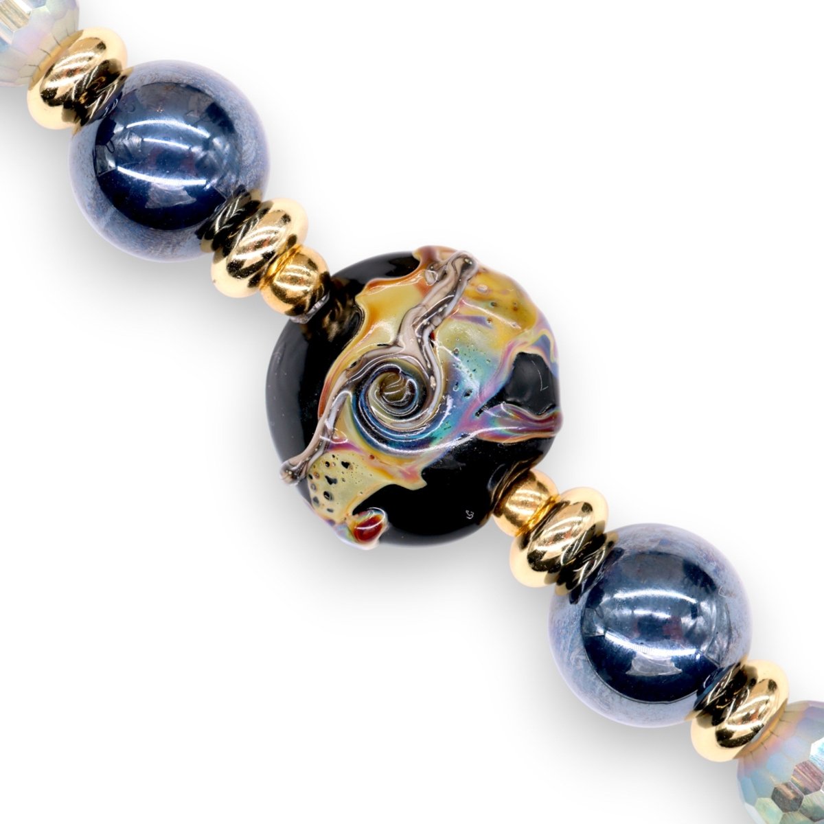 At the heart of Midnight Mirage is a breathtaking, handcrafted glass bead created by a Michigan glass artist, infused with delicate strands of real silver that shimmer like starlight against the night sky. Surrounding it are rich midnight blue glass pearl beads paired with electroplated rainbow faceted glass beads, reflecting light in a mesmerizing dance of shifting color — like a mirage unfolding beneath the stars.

---

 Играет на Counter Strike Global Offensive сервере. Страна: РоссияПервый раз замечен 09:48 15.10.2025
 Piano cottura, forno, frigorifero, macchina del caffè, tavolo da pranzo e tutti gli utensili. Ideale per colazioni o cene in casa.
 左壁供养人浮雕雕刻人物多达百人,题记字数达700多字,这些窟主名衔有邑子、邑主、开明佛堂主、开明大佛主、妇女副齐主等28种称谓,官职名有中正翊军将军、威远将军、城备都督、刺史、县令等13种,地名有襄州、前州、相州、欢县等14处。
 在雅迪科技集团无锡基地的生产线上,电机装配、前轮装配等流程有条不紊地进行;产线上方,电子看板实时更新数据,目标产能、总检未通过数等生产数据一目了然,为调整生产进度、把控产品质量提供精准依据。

* * *

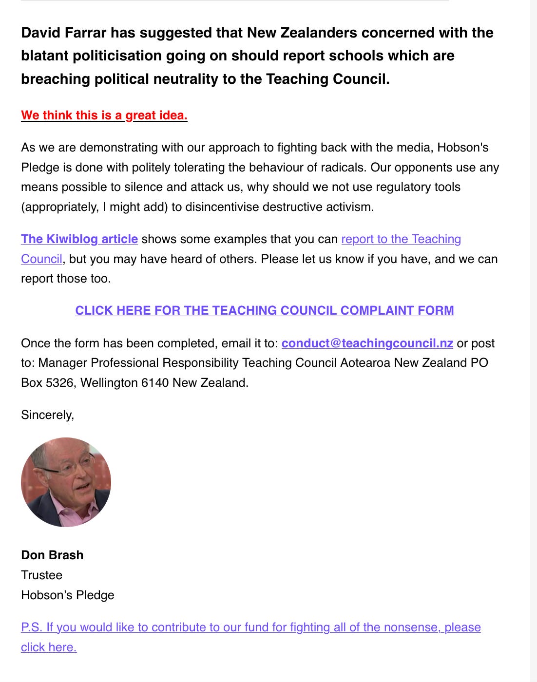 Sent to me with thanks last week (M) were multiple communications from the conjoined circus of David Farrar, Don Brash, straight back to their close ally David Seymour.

■ **WHAT IS EXPECTED**: In the material above, transcribe exactly the lines beginning at the one with "左壁供养人浮雕雕刻人物多达百" and ending at the one with "在雅迪科技集团无锡基地的生产", both included.

■ **ANSWER BELOW**:
 左壁供养人浮雕雕刻人物多达百人,题记字数达700多字,这些窟主名衔有邑子、邑主、开明佛堂主、开明大佛主、妇女副齐主等28种称谓,官职名有中正翊军将军、威远将军、城备都督、刺史、县令等13种,地名有襄州、前州、相州、欢县等14处。
 在雅迪科技集团无锡基地的生产线上,电机装配、前轮装配等流程有条不紊地进行;产线上方,电子看板实时更新数据,目标产能、总检未通过数等生产数据一目了然,为调整生产进度、把控产品质量提供精准依据。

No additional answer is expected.